Les explications qui visent à éclairer les tenants et les aboutissants de tels constats sont nombreuses et, à mon avis, complémentaires. Je pense, en particulier, à l’émiettement persistant au sein des mouvements altermondialistes. Chaque « grande composante » se montre culturellement et politiquement hésitante aux synergies impliquant des pertes éventuelles de visibilité spécifique et de légitimité singulière. Elles sont réfractaires aux temporalités sociales et politiques différentes entre mobilisations « nationales » et « locales », ne permettant souvent ni partage ni cosimultanéité. Elles refusent aussi la puissance considérable des pouvoirs forts qui leur permet d’empêcher que les alternatives aient une influence sur les cours des évolutions suffisante pour générer les changements. Enfin, elles s’opposent à la peur du futur d’un grand nombre des gens devant la répression appliquée par les pouvoirs forts, peur qui les conduit à des stratégies de survie (axée sur « le soi-même »), de résignation et d’adaptation aux impositions et aux solutions des dominants. A cet égard, le cas de la prétendue inévitabilité de l’adaptation au changement climatique (on devrait parler, plus correctement, de « désastre » climatique) est fort emblématique. Il en va de même, en Europe, de l’acceptation étonnante par la grande majorité des citoyens (notamment des dits « silencieux »), de la soumission des pouvoirs politiques élus à la finance privée et aux mécanismes de marché. Alors que l’une et les autres sont les principales causes structurelles de la débâcle sociale, économique et politique qui a démoli les fondements de la « société » (vivre ensemble) des pays de l’Union européenne.

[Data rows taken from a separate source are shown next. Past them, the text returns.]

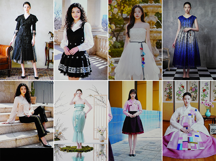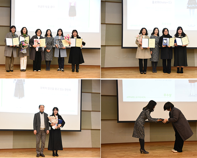 다음 순서는 ‘온라인 전시’ 영상 시연이었다. 수상 작품들을 실제 모델이 아닌 가상 모델이 착용한 모습을 AI로 생성한 다채로운 이미지들이 관객들의 시선을 사로잡았다. 영상 시연이 끝나고 진행된 시상식에서 영예의 대상은 우리의 민족성과 역사를 검은색 드레스에 담아낸 장은정 학우의 「광복의 정신을 품고 있는 한민족」이 차지했다. 그 밖에 최우수상은 김소영·오로라·전태희·정효원 학우가, 우수상은 우수상 강미현·문영희·박성희·오미숙·윤선희·이해진·임영자·전현경·정경미 학우가 수상했다.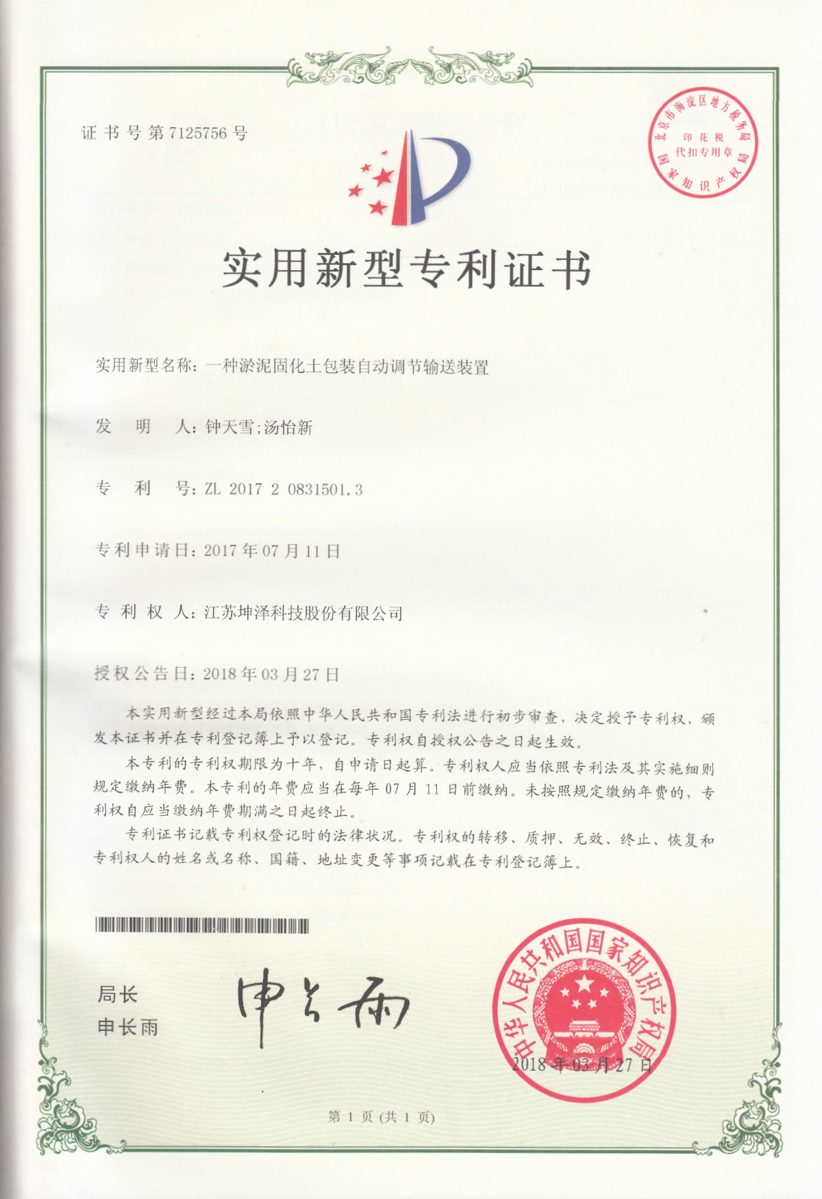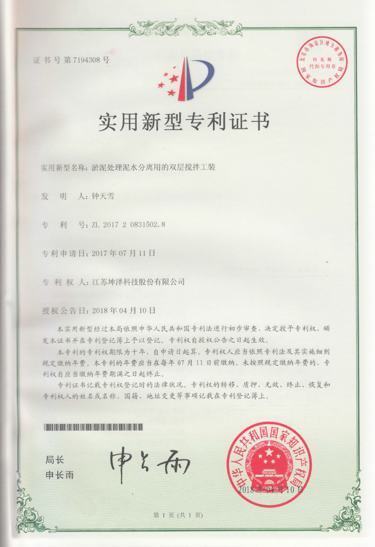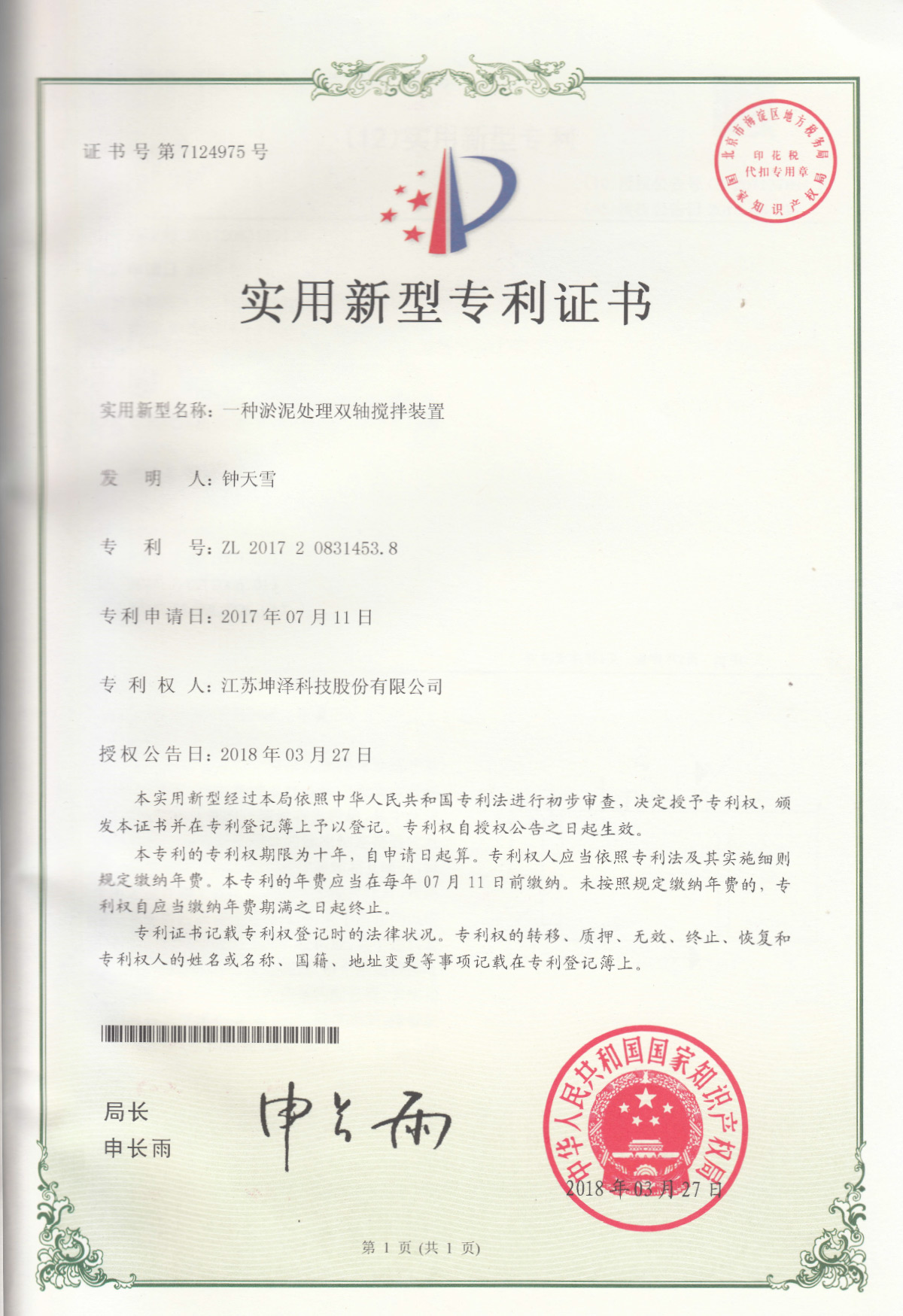 公司设有“南京(坤泽)淤泥资源化及产业化工程技术研究中心”和“连云港(坤泽)淤泥软基固化工程技术研究中心”,拥有多项专利,覆盖了固化剂、固化土产品以及施工工艺及专有生产和施工设备。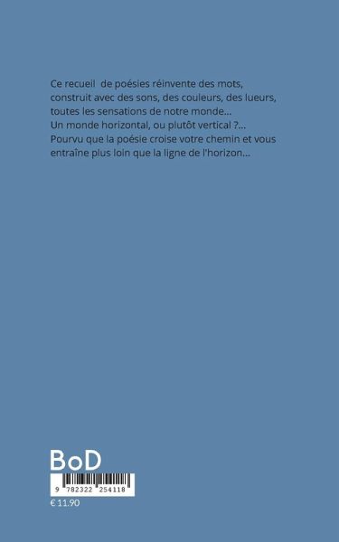Ce recueil de poésies réinvente des mots, construit avec des sons, des couleurs, des lueurs, toutes les sensations de notre monde... Un monde horizontal, ou plutôt vertical ?... Pourvu que la poésie croise votre chemin et vous entraîne plus loin que la ligne de l'horizon...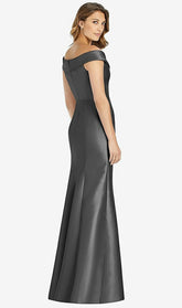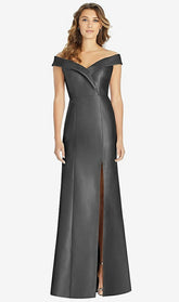 【NEW】【STYLE: D760】オフショルダー カフ トランペット ガウン 前面 スリット【COLOR: Pewter】【SIZE: 00-30W】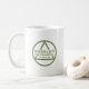 Tasse blanche de 11 oz avec logo Hassler Instruments sur les deux côtés en vert

Dans ces conditions, on ne peut raisonnablement dire que les perspectives de changement avec un grand « C » soient très encourageantes. Ce à quoi on peut, à ce jour, s’attendre avec une plus grande probabilité, sont des changements « locaux » (du point de vue territorial et sectoriel) avec des petits « c ». Ces changements semblent « réalisables ». A titre d’exemple, dans le secteur de l’agriculture biologique et kilomètre zéro, dans la gestion « durable » de l’eau, dans les rapports de genre, dans les conditions des peuples indigènes, dans la prise en compte d’autres indicateurs que celui du PIB, dans le développement d’énergies « propres », dans le domaine des transports publics. Des changements qui ne modifieront pas la substance du système aujourd’hui dominant. La grande fonction constructive des altermondialistes dans la phase historique actuelle consiste précisément dans les liens dont ils alimentent l’existence et le développement entre la mobilisation et la réalisation des changements avec les petits « c », à court et moyen termes et le maintien de la plausibilité et de la légitimité des changements avec un grand « C » dans le long terme. Ce n’est pas seulement la question de l’effet papillon, mais celle de l’évidente prise de conscience de la réalité de la mondialité et de la globalité de la condition humaine, de la vie sur la planète Terre. La notion de biens communs mondiaux publics est un exemple clé de ce lien.